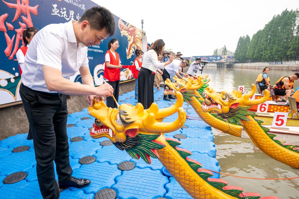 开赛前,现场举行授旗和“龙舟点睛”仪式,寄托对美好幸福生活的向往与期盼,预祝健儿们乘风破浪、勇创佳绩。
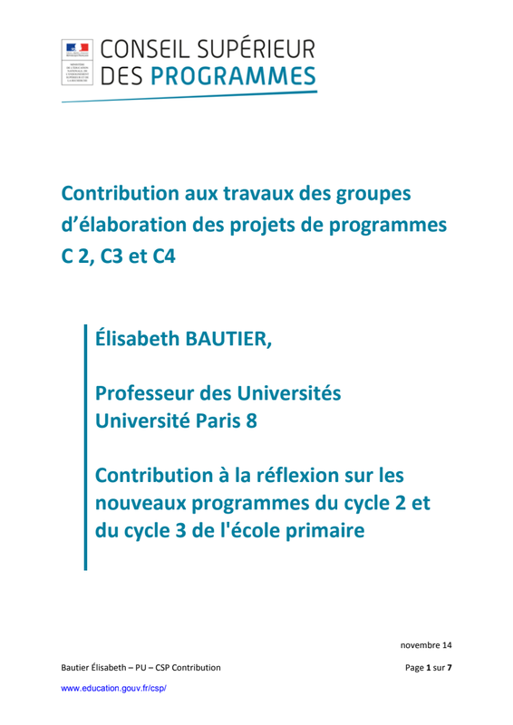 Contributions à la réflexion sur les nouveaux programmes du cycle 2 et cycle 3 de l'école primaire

...

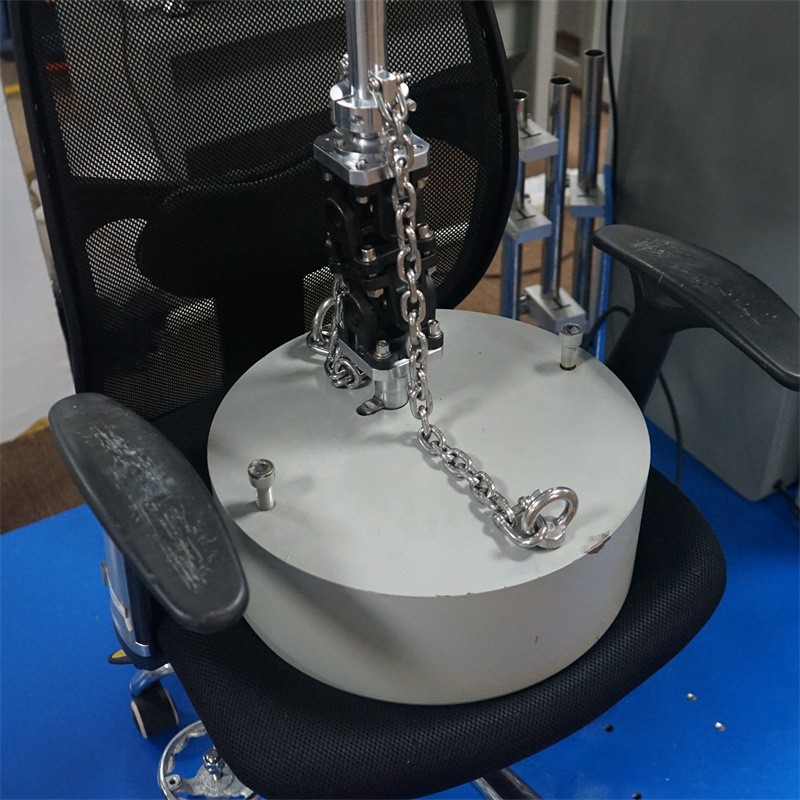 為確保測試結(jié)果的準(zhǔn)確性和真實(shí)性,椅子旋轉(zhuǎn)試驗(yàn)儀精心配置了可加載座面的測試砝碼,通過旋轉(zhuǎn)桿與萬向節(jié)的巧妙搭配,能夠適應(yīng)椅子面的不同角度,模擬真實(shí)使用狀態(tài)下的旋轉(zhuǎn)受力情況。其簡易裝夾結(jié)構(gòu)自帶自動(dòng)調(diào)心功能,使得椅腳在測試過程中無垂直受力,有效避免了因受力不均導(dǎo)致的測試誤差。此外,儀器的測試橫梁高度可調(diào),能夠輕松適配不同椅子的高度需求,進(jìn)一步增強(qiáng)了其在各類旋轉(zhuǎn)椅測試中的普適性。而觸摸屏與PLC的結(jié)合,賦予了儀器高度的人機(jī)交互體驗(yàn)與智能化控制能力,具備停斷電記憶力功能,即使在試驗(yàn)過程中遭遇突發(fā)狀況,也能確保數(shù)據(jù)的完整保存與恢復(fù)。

==

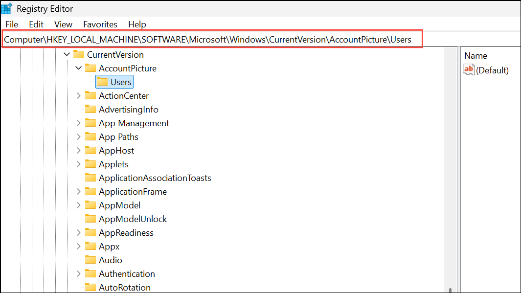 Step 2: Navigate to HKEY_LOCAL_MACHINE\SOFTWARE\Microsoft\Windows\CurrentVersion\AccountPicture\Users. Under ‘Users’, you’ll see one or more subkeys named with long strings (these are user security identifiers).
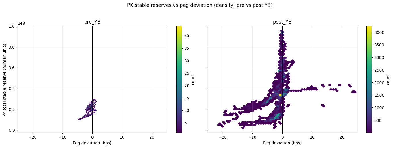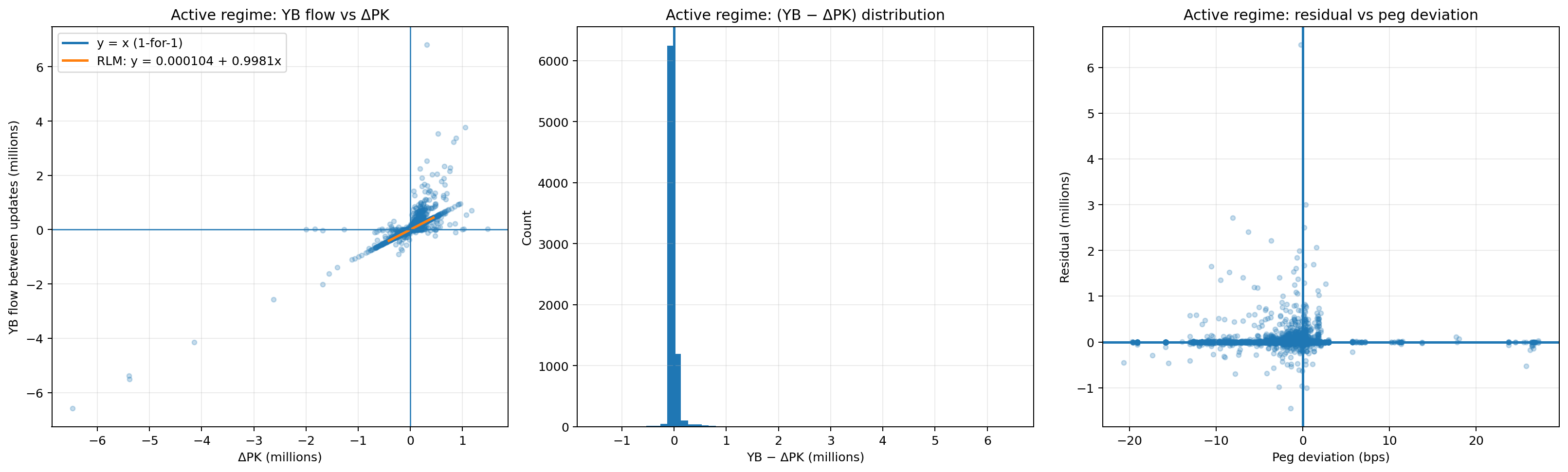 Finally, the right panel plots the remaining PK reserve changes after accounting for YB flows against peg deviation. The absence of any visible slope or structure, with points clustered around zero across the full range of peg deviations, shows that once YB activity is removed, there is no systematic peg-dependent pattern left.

* Assignment *
Although the records hold pictures, the copy must not; give again exactly the lines from the one with "Step 2: Navigate" through the one with "Finally, the right".

* Exercise result *
 Step 2: Navigate to HKEY_LOCAL_MACHINE\SOFTWARE\Microsoft\Windows\CurrentVersion\AccountPicture\Users. Under ‘Users’, you’ll see one or more subkeys named with long strings (these are user security identifiers).
 Finally, the right panel plots the remaining PK reserve changes after accounting for YB flows against peg deviation. The absence of any visible slope or structure, with points clustered around zero across the full range of peg deviations, shows that once YB activity is removed, there is no systematic peg-dependent pattern left.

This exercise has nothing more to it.